それなに言ってるかわかんないですよといまここで言ったら、きっとこの聖獣は気を悪くするだろうと思って黙ってることにした。とにかくこれでラフレシアの病気を治せるんだと、現実的に考えることにしなくちゃね。

「いいから背に乗れ。じきここは噴火するだろう。『ケイオスの印』の残骸ごとここはなくなる」
「はい」

ぼくは聖獣の背に乗って火山の噴火口を出た。噴火口の外では卵を抱えた火焔竜夫婦とリヴァちゃんが待っていた。

「パパ、やったね」
「ああ、ありがとうリヴァちゃん!みんなのおかげだ」
「勇者よ、みごとだ」

火焔竜が目を細めてそう言った。

「だから勇者じゃないって」
「そこは譲らんやつだな」
「パパはパパだから、いいのよ、おじさん」
「そういうもんかな」

ドラゴンたちが笑っている。まあ不思議な光景だが、麒麟に乗っかっているぼくがもうとやかく言うことじゃないと思った。ああ、早くみんなのところに行かなくちゃ。

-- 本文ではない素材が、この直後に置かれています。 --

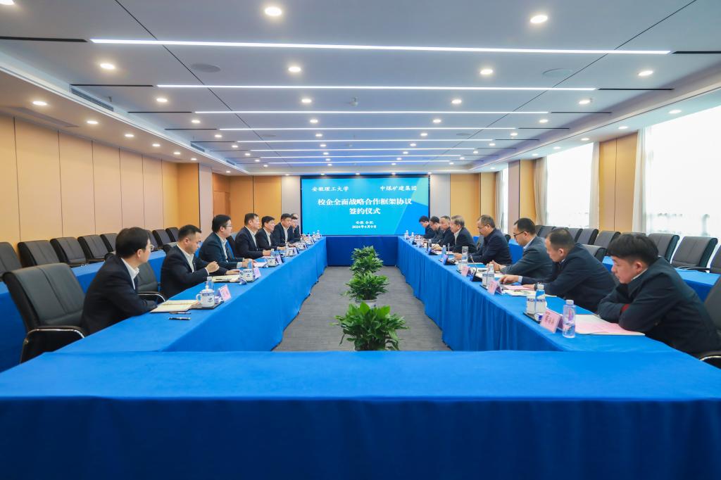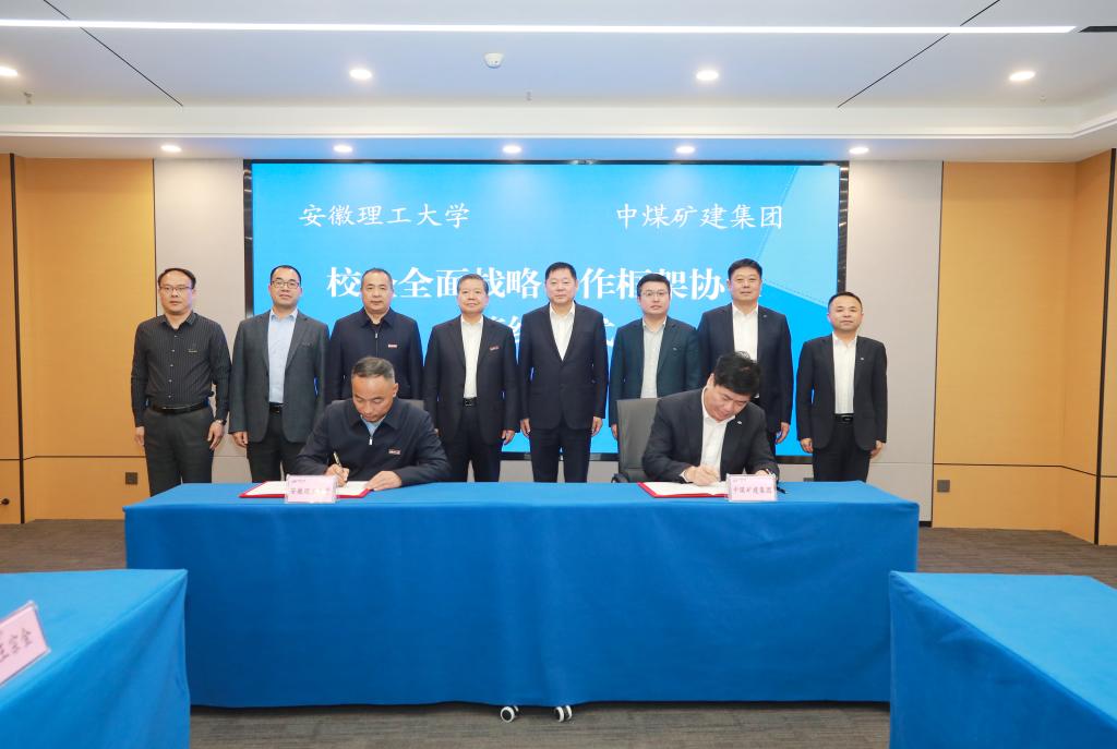 4月9日下午,学校与中煤矿山建设集团在合肥签署全面战略合作框架协议。校党委副书记、校长袁亮院士出席签约仪式并致辞。中煤矿建党委书记、董事长孙学军主持签约仪式并致辞。校党委常委、副校长王先江、张平松,中煤矿建党委副书记、工会主席、职工董事管万忠出席会议。

「いやー、たかが人間が、あの『ケイオスの印』本体を破壊できるとは思わなんだ」

そう感慨深げにでかニャンコのクロスが言った。

「思わないでぼくをあんなところに向かわせたのかよ」

ぼくは荷馬車の馭者台で前を歩くニャンコを睨みつけた。

「それが大賢者さまのご命令だったから仕方なかろう。だがまさか聖獣さまがあらわれるとは、さしもの大賢者さまでも予想できなかっただろう」
「それは違うわね」

ミローネがつまらなそうに言った。またビスケスを食い散らかしている。

「違うって?」
「あんたにさんざん旅させたのはこんな魂胆があったんでしょ。大賢者ってあれよね、なんでもお見通しって感じだから」
「いくら精霊女王でも言いすぎですよ、ミローネさん」

ニャンコが生意気にたしなめた。

「ふん」
「でも、あたしたちがこうしているのは大賢者の思惑とは別」
「ネクロ、どういうこと?」
「あたしたちはあんたについていくってことよ。大賢者のためなんかじゃない。ねえそうでしょ、ラフレシア」

ラフレシアはちょっと顔を赤らめて、黙って頷いた。いまは真っ白なドレスを着ている。いつもの鎧はどうした。

「ではわたしはここまでだ。わたしはこれより各地に散らばった『ケイオスの印』の残滓の魔法陣を破壊しに行く」
「もう行っちゃうの?麒麟…」
「麒麟じゃない!聖獣だ」
「まあどっちでもいいけど、もう少しぼくらと…」
「もう力がなくなったとはいえ、残滓にまだ囚われている人間がいる。一刻も早く救わんとな」

そう言って聖獣はペコリと頭を下げた。

「ありがとう、また会えるかな?」
「勇者が望めば、必ず」
「勇者じゃないって!」
「言ってろ、少年」
「デリア、だよ」
「ああ、デリア…また、な」

そう言って聖獣の麒麟は消えた。また溶岩流をたどって世界各地に向かうのだろう。

「いいやつだったじゃない。クズのあんたにはもったいないわ」
「な、なんだラフレシア。クズって誰のことだよ」
「クズ」
「クズ」
「クズ」
「おまえらまで言うな!」

そうしてみんな笑った。笑ったけど、ラフレシアの目には涙が光ってた。

「ちょっと!あ、あれなあに?」

ミローネが食べかけのビスケスをポロリと落としてそう言った。前方に真っ黒い渦が広がっていたからだ。

「あっ!」

飲み込まれたのは一瞬だった。もう目の前は真っ暗になった。息ができるのか、いや生きているのかさえ分からなくなった。